Phase 1 (shipped, built on the Phase 0 loop):

- ✅ **Supervisor daemon** + Unix socket + **SQLite** as a rebuildable catalog.
- ✅ **TUI** to browse recordings, inspect spans, and audit skill provenance.
- ✅ **Diff-based parametrization** of two recordings (constant = steps, variable = inputs).
- ✅ **Autonomous distillation** against a local, loopback-only MLX server.
- ✅ **Skill catalog readiness signals** with lifecycle status, provenance, score, delta,
  and an evaluator table for future human/LLM/model reviews.
- ✅ **Operational diagnostics** (`doctor`, `rec status`, daemon status/stop, Claude setup
  check/print).
- ✅ **Safe export path** that omits raw payloads by default and can emit redacted raw
  copies without touching the original span.

Phase 2 (shipped):

- ✅ **Faithful render** — `galdr distill` renders a valid skill from the span in the
  open-standard `When to use` / `Inputs` / `Steps` / `Verification` anatomy. `--fast`
  installs it as-is; `--auto` lets a local MLX model author it.
- ✅ **Multi-harness discoverability** — a distilled skill is linked into every installed
  harness's skills directory (Claude Code, Codex, Cursor); `galdr link` / `doctor` manage it.
- ✅ **Multi-harness sensor** — `galdr setup codex` wires the same hook into Codex's
  `hooks.json`; `galdr harnesses` shows which harnesses are wired.
- ✅ **Session-scoped recording** — a recording binds to the session that started it, so a
  concurrent session in another project can't leak its tool calls into the span.
- ✅ **AI-first CLI** — `--json` on every read command.

Phase 3 (shipped) — a surface humans and agents both want to use:

- ✅ **Author by default** — a replay of the tool calls is not a skill. `galdr distill`
  now renders a faithful draft and hands the agent an authoring brief (supply the why,
  the generalized inputs, the gotchas), installed with `--from`; an unauthored draft
  scores lower until it is raised. `--fast` keeps the mechanical one-shot for a floor.
- ✅ **No ids to copy** — every command resolves a recording by the most recent, a name,
  or a short id prefix. `galdr distill` distills the run you just made.
- ✅ **A friendly home screen** — `galdr` with no arguments shows where you are and the
  next command to type; output is colorized, TTY-aware, and honors `NO_COLOR`.
- ✅ **`galdr suggest`** — signs every recording by the shape of its steps, dedupes
  against installed skills, and ranks the repeated tasks worth distilling.
- ✅ **`galdr bench`** — aggregates recorded outcomes into a per-skill replay hit-rate
  and effort cost; the production signal a capability test cannot give.
- ✅ **A lazygit-style TUI** — three panels, a live preview, and in-place actions
  (distill, link, validate, export, record outcome), all local and additive.

Next:

- **Capture of human GUI gestures** — the deliberate scope gap above.

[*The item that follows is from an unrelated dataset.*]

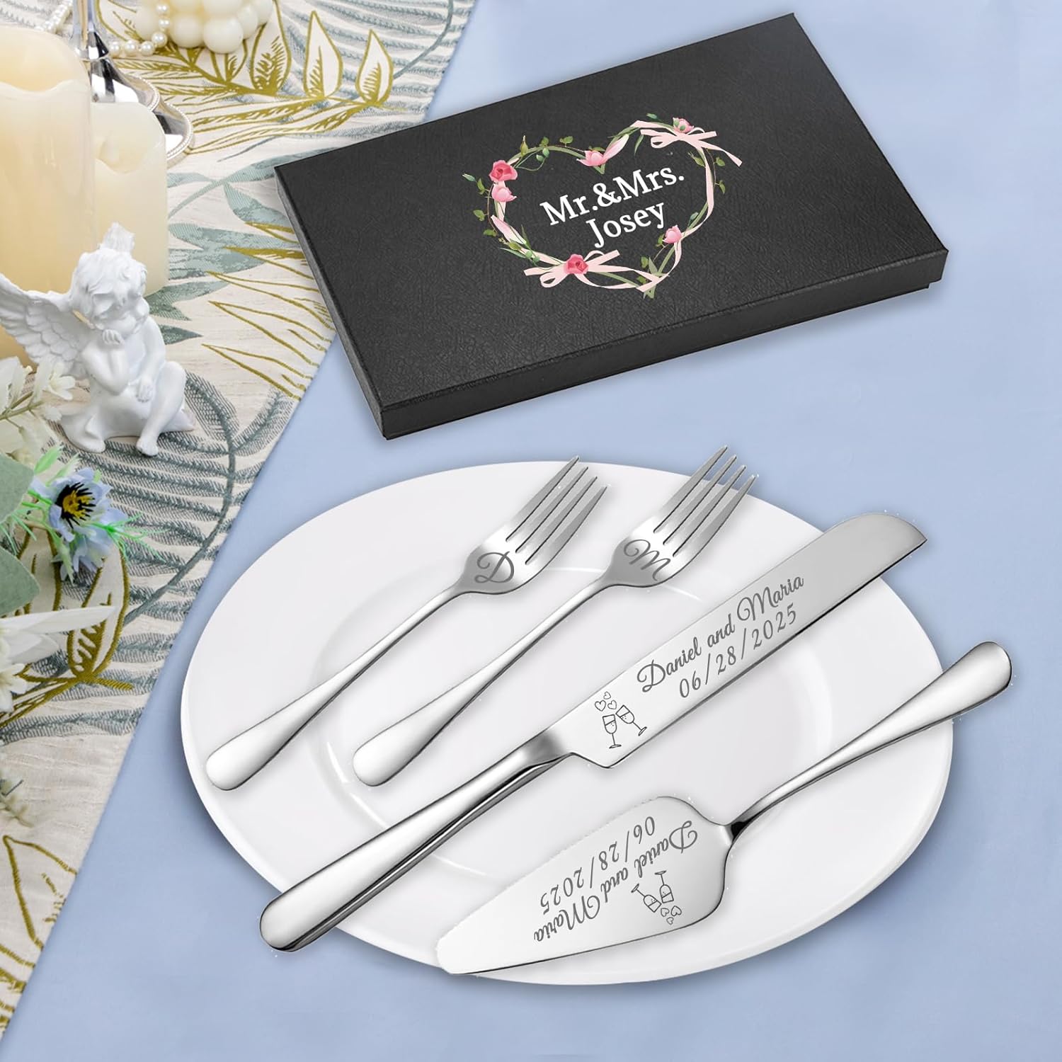 • Personalized Wedding Cake Cutting Set : Our wedding cake cutting set allows you to engrave names, making it a one - of - a - kind keepsake. Commemorate your marriage with this customized set, adding a touch of intimacy for special Ceremony

The agent's *own*
  browser automation is already captured (it arrives as tool calls). What's missing is
  recording a *human* driving a browser by hand, which needs a separate pixel/DOM capture
  layer on top of the span model — the one axis where Codex's pixel recorder does something
  galdr does not, and a job for the extension seam rather than the core.
- Verify the Codex sensor end to end with a live Codex recording (the wiring is in place;
  the stdin payload is not yet confirmed field-for-field).
- A multi-agent broker over the same span model.
- Real gates and real provenance plugged into the extension layer (`PermissionGate`,
  `ProvenanceSink`) — where harness-specific policy or memory integrations live, kept out
  of the local-first core.

## Contributing

See [CONTRIBUTING.md](CONTRIBUTING.md). Commits follow
[Conventional Commits](https://www.conventionalcommits.org/); the project uses
[Semantic Versioning](https://semver.org/).

## License

Licensed under either of [Apache License, Version 2.0](LICENSE-APACHE) or the
[MIT license](LICENSE-MIT) at your option — the standard Rust dual-license, so you
pick whichever fits.

Unless you explicitly state otherwise, any contribution intentionally submitted for
inclusion in this crate by you, as defined in the Apache-2.0 license, shall be dual
licensed as above, without any additional terms or conditions.